For more information on Cézanne:


Be Safe

50 replies »

  1. I didn’t give Harlequin any praise. I really like it.
    You do a great job with these posts, Marina!

  2. Love this post, Marina. Beautiful art work and I love the still life and landscapes the best. The quotes are wonderful, too. This one: “It’s so fine and yet so terrible to stand in front of a blank canvas” reminds me of the creating process of writing, too.
    Hugs, my friend. 💖💖💖

  3. This is great!
    You are like an online Art Gallery.
    Cézanne is an intriguing artist. I adore what he says about standing in front of a blank canvas.
    The music is wonderful!
    Norm has encouraged me to try canvas, again. I think I’d like to. However, the art supplies stores are all closed…. so I draw on paper. I went a bit wild buying art supplies when the stores were open, so the AGM drawings are in no jeopardy.

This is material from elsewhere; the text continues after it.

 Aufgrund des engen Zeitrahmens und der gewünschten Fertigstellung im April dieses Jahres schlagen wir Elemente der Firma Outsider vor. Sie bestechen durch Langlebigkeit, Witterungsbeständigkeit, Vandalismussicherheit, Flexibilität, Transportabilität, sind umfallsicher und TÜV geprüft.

    My faves in this collection are Forest Scene – path from Mas Jolie to Château Noir & Boy in a red waistcoat.

    A bit off topic…have you covered Degas? I’ll have to look in your pages. You’ve covered so many at this point, I ca’t remember all. Also, as I am drawing Picasso Art Gowns… I’ll revisit that post as well!

    WOOF , MEW and I love you!

  4. I really enjoy your online curation, Marina, since there are many works of artists I’ve never seen before. When you include pieces typically outside one’s well know oeuvre, it’s always a revelation. Not all of us have all those marvelous coffee table books! The internet puts them at our fingertips through your discerning eye. The paintings I particularly like here are: The Hanged Man’s House, Large Pine and Red Earth, and Forest Interior. Mostly for their palette, of course 🙂

  5. I would say philosophers are those who expand the possibilities of human cognition, including perception. He was one of those, in the realm of vision, finding new ways, a bridge into something new that nobody had seen before or that had been blocked by academic rules.

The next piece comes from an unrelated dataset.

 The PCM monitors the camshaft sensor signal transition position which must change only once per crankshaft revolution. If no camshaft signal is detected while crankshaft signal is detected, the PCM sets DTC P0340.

  6. I love Cézanne. We were in Aix-en-Provence for two weeks in 2013. We stayed in a house that was a couple of road west of Cézanne’s house at about the same level as his house. I climbed up on the hill behind the house and I could get a similar view of Montagne Sainte-Victoire that Cézanne had. I remember a woman in a class I was in thought it was weird for Cézanne to do so many paintings of Montagne Sainte-Victoire. I told the woman it wasn’t weird at all because the light and clouds and atmosphere are constantly changing. It’s similar to me doing photos of the Sandias almost daily. When we were in the hills south of Montagne Sainte-Victoire, I realized it looked similar to the Sandias from that perspective.

    • I understand exactly what you’re saying about the Sandias as I witness it through your amazing images. What a wonderful experience staying there, seeing the same views he painted!